Chromatin, a macromolecular complex of DNA, RNA, and proteins, provides a framework for the packaging of genetic material within the cell nucleus. Its organization plays a crucial role in gene expression and is regulated by a diverse array of protein complexes in response to a dynamic code of histone posttranslational modifications and DNA modifications. Architectural proteins are essential epigenetic regulators that play a critical role in organizing chromatin and controlling gene expression. CTCF (CCCTC-binding factor) is a key architectural protein responsible for maintaining the intricate 3D structure of chromatin. Because of its multivalent properties and plasticity to bind various sequences, CTCF is similar to a Swiss knife for genome organization.
1. Introduction
Originally, CTCF was described in chickens as a protein that binds to a region upstream of the c-myc promoter. Because that binding site has three regularly spaced repetitions of the sequence CCCTC, the protein was named CCCTC-binding factor or CTCF
[1]. Later, it was found that CTCF is a ubiquitously expressed and highly conserved protein in vertebrates
[2][3]. CTCF consists of 727 amino acids (aa) distributed in three domains; a zinc finger DNA-binding domain flanked by the intrinsically disordered N- and C-terminal regions (
Figure 1a). The DNA binding domain of CTCF has 11 zinc fingers (ZF) which allow it to interact dynamically with the DNA
[4][5][6]. CTCF uses different combinations of its ZF to recognize and bind to a variety of DNA sequences, which is why it is considered a multivalent protein
[7][8]. However, around 80% of its target sequences contain the core motif 5’-CCACCAGGTGG-3’ that is recognized by ZFs 4 to 7. Unconserved flanking sequences can be recognized by ZF 1–2 or ZF 8–11, which helps to stabilize the CTCF-DNA complex
[9][10][11]. A peculiarity of CTCF is that ZF1 and ZF10 have an RNA binding domain (RBD) which is used to interact with several lncRNAs, providing extra anchorage points for the protein
[10][12].
CTCF has tens of thousands of genomic binding sites, some of which are conserved between species and tissues
[13]. CTCF actions are dependent on its binding site location; which are mainly located in intergenic regions, although they could also be present in regulatory regions such as enhancers, gene promoters, and within gene bodies
[14][15][16]. The main functions of CTCF include maintaining topologically associated domains (TADs), acting as a barrier to the spread of heterochromatic structures, and defining the boundaries between euchromatin and heterochromatin, for this reason, CTCF has been coined as an architectural protein
[17][18][19][20]. CTCF also regulates DNA anchorage to cellular structures such as the nuclear lamina
[17][18], acts as a protein insulator by controlling the interactions between enhancers and promoters
[21], and can function as a scaffold protein for transcription factors
[22][23][24] and epigenetic factors
[25]. Based on the location of the CTCF in other genomic sites, it has also been demonstrated to be involved in processes such as alternative splicing by pausing RNA Polymerase II (RNAP II) binding to alternative exons, thus providing the required temporal context for co-transcriptional spliceosome formation at weak upstream splice sites
[26]. CTCF also interacts with lncRNAs which is important for the transcriptional regulation of genes such as Xist, a lncRNA responsible for X chromosome inactivation.
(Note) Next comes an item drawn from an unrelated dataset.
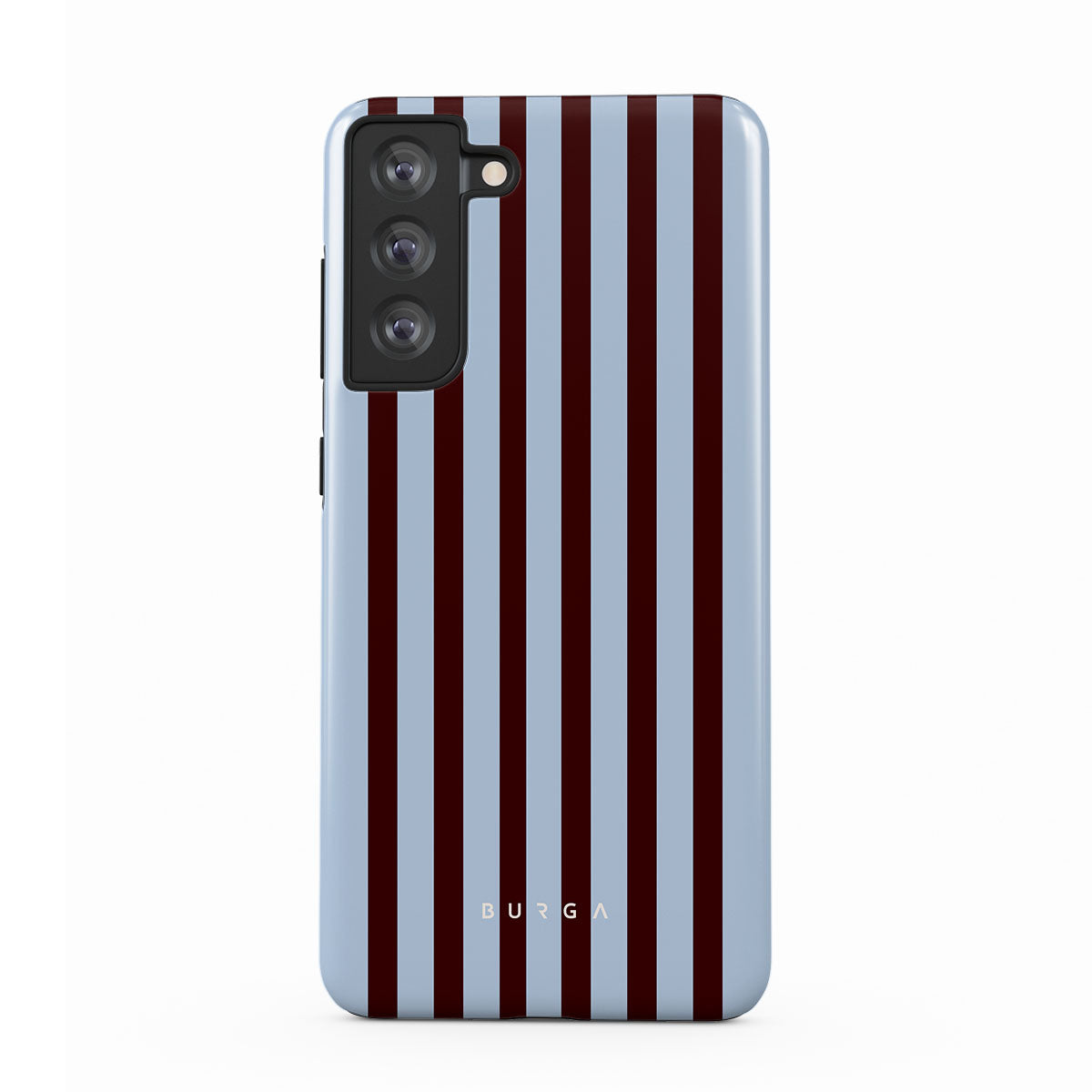 Brown, blue, and emotionally unavailable. This striped Samsung Galaxy S21 FE phone case design says, “I turned off my Slack notifications and found inner peace.” Or at least a cute aesthetic.
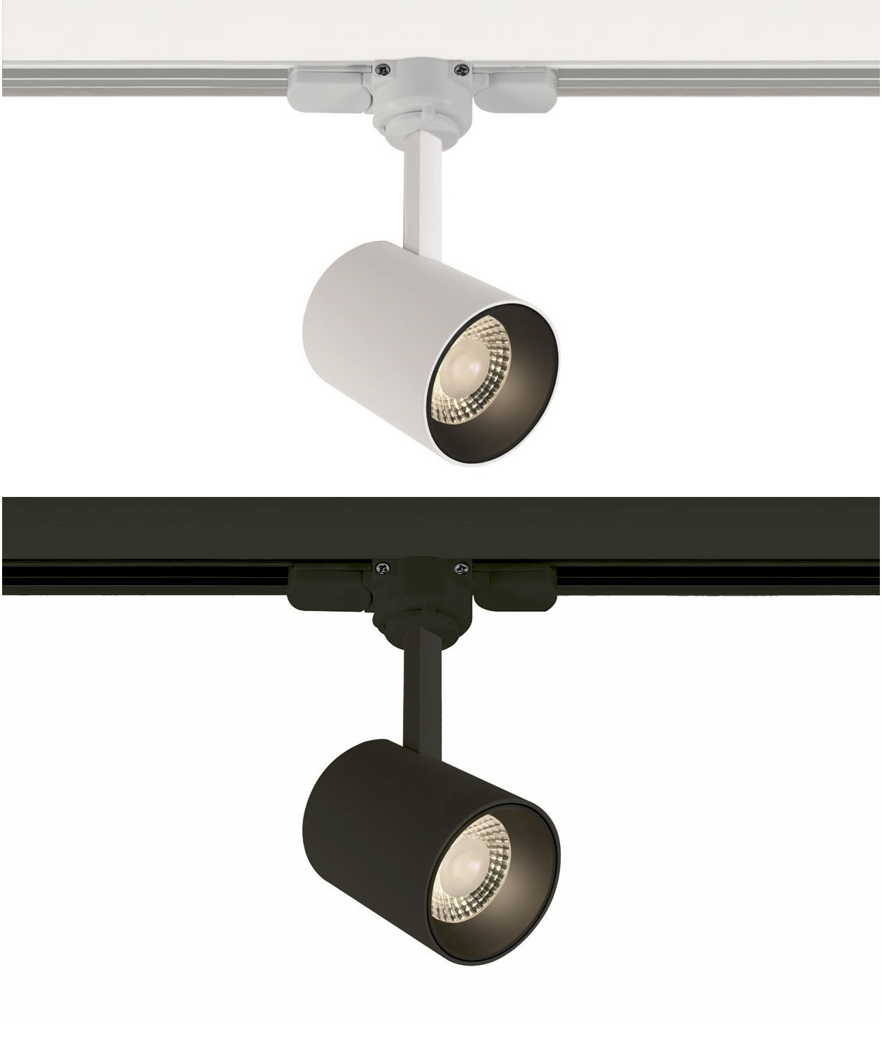 This compact cylindrical LED track spotlight provides a clean, contemporary appearance suited to both residential and commercial interiors. The integrated COB LED sits within a precision reflector that delivers a well-defined beam and excellent visual comfort. Its understated form allows the light to take focus, rather than the fitting itself.

For this reason, CTCF has been considered a very versatile protein similar to a swiss army knife. A summary of its functions is shown in
Figure 1b.
Figure 1. The architectonic factor CTCF. (
a) CTCF is an 82-kDa protein that contains three domains: an N-terminal region, a C-terminal region, and a central domain of 11 zinc fingers. Moreover, CTCF uses the zinc finger domain cooperatively to bind to DNA. RBD:RNA binding domain, ZF: zinc finger. (
b) Overview of the wide arrange of CTCF mechanisms of action as: Chromatin looping, RNA Polymerase II (Pol II) recruitment, transcriptional regulation, boundary definition, DNA anchorage, insulator, alternative splicing, and RNA binding, among others. TAD: topologically associated domain. Created with
BioRender.com (accessed on 23 April 2023).
2. CTCF Regulates the Chromatin Structure through Interactions with Several Epigenetic Factors
The chromatin status is dynamic and can be regulated by covalent modification of the amino-terminal ends of histones that protrude from the nucleosome and are accessible to enzymes that chemically modify them through a system of writing, reading, and erasing complexes
[27]. These modifications correspond to a kind of code that works in conjunction with the DNA sequence to determine the state of the chromatin and establishes and stabilizes gene expression patterns
[28]. Because of CTCF’s role as the master regulator of chromatin, it is highly probable that both its actions and DNA recruitment are dependent on the chromatin context. To better understand the interactions between CTCF and other proteins with epigenetic functions, researchers analyzed data from the literature, as well as the STRING database
[29] and the Integrated Interactions Database
[30] to find CTCF protein partners. While many of these partners are transcription factors that use CTCF as a scaffold to shape the chromatin structure
[31], CTCF also interacts with other proteins that have epigenetic functions, such as DNA and histone demethylases
[32][33][34]. The identification of CTCF protein partners involved in epigenetic processes may provide valuable insights into the complex regulatory mechanisms of chromatin organization and gene expression. To identify these proteins, researchers filtered our list of CTCF protein partners using the annotations available in the EpiFactors database
[35]. The resulting CTCF epigenetic factor targets are shown in
Figure 2.
Figure 2. Epigenetic factors that interact with CTCF. The protein–protein interactions between CTCF and other proteins with epigenetic functions. Colors are according to the EpiFactor category that each protein belongs to, as follows: histone modification reader in yellow, chromatin remodeling in mint, polycomb group proteins in blue navy, DNA demethylation in pink, histone modification eraser in salmon, RNA modification in green, and histone modification writing in orange. Created with
BioRender.com (accessed on 23 April 2023).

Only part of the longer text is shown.